Field teams need to query operational data without learning SQL or navigating complex GIS interfaces. A local LLM that converts natural language to structured queries against a local database is a capability multiplier. "Show me all sensor readings above threshold in the last 6 hours within 50km of checkpoint alpha" is a lot easier to type than the equivalent database query.

We implement this with a RAG (Retrieval-Augmented Generation) pattern where the LLM has access to a local vector database (ChromaDB or LanceDB, both run well on edge hardware) containing operational documentation, SOPs, and structured data schemas. The model doesn't need to know everything. It needs to know how to find things in the local knowledge base.

Current Limits

Some tasks don't work well locally yet. Complex multi-step reasoning tasks that GPT-4 or Claude handle well require 70B+ parameter models that need serious hardware: multiple GPUs or specialised inference accelerators. Open-ended creative generation at cloud-model quality isn't there yet at the 7-13B scale. And real-time conversational AI with the fluency of ChatGPT requires models that are still too large for most edge deployments.
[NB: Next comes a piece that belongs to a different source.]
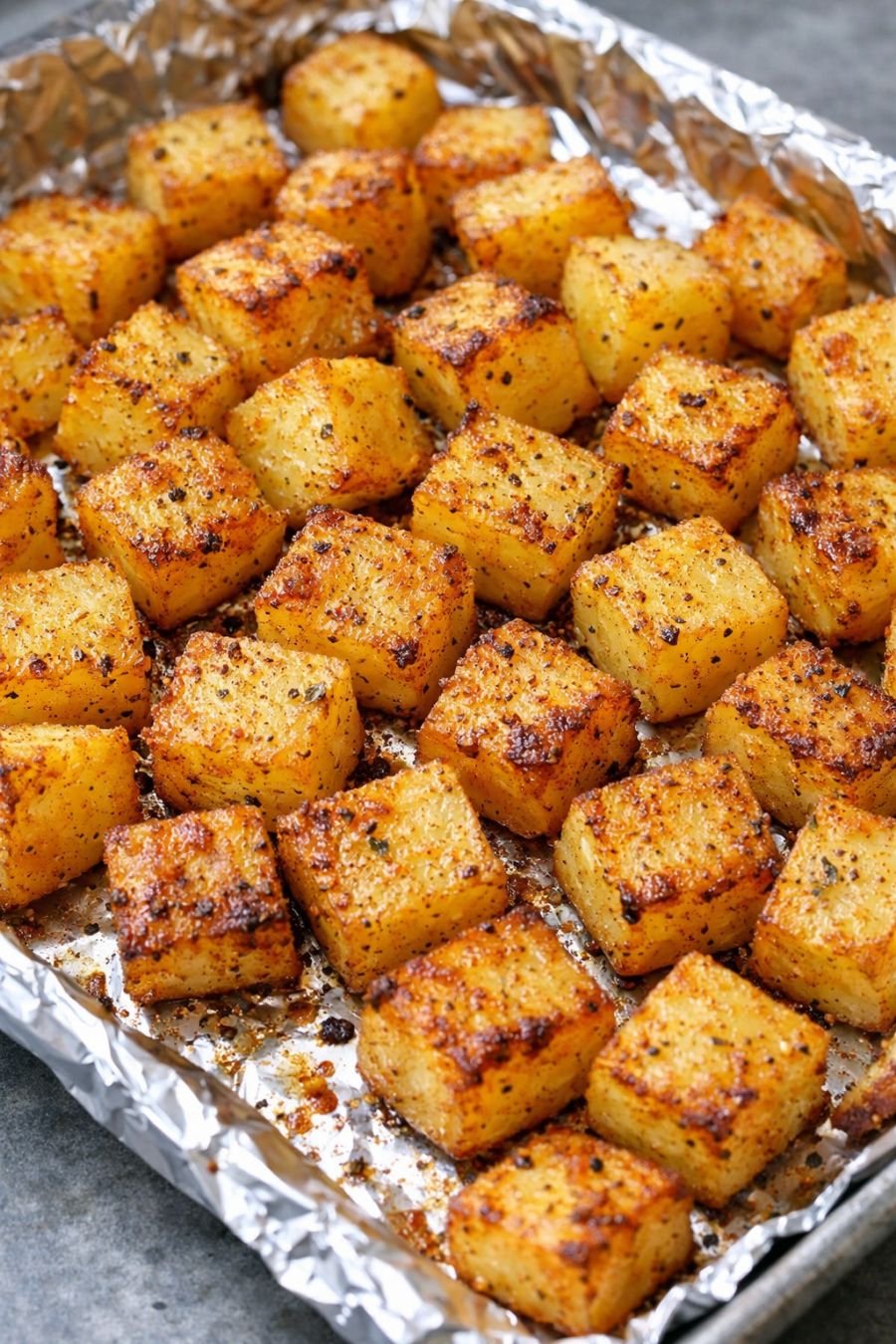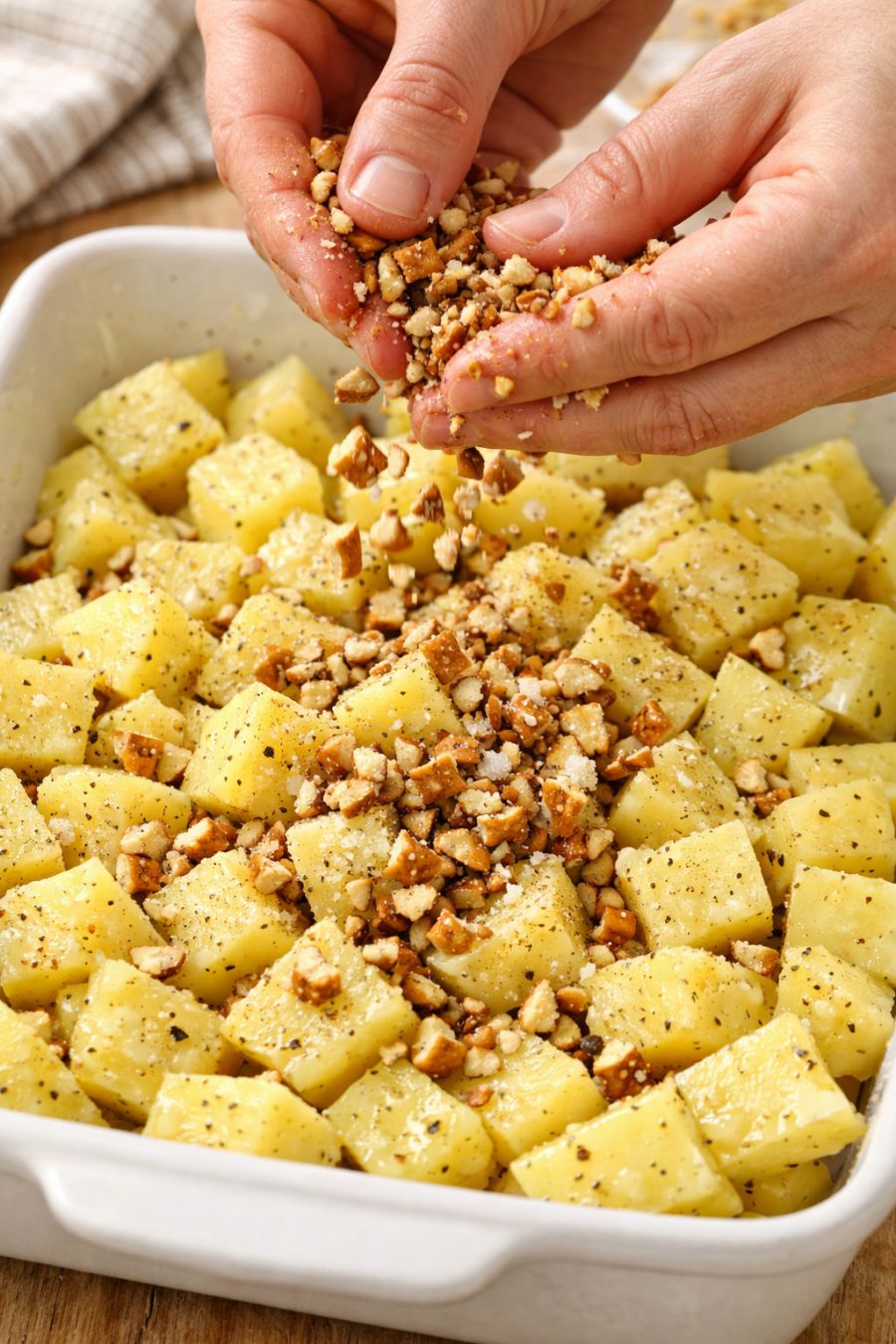 Scatter crushed salted pretzels over raw cubed yukon gold potatoes, together with 2 other ingredients, into a ceramic baking pan for a comforting dinner that disappears faster than anything else

Multimodal inference (vision + language) is improving fast but still demands more compute than pure text. LLaVA-based models at 7B can do basic image description and visual question answering on a Jetson Orin, but detailed image analysis or document understanding with complex layouts still needs larger models.

Deployment Architecture

Our standard edge LLM deployment uses Ollama as the model runtime (it handles model management, quantisation selection, and provides a clean API), behind a thin application layer that handles prompt templating, guardrails, and response validation. We containerise the whole stack with Docker and deploy via k3s for environments that need orchestration, or a simple systemd service for single-node deployments.

The critical design decision is the model selection matrix. We don't run one model for everything. A 3B model handles fast classification tasks (sub-second latency). A 7-8B model handles document processing and summarisation. A 13B model handles complex query generation and analysis. The application routes requests to the appropriate model based on the task, optimising for the latency-quality tradeoff.

Local LLMs complement cloud APIs for environments where cloud isn't an option. The capability is real, it's growing fast, and organisations that start building expertise now will have a significant advantage as the models continue to improve. The hardware you can buy today will run the models that come out in six months even better. It's a capability investment that compounds.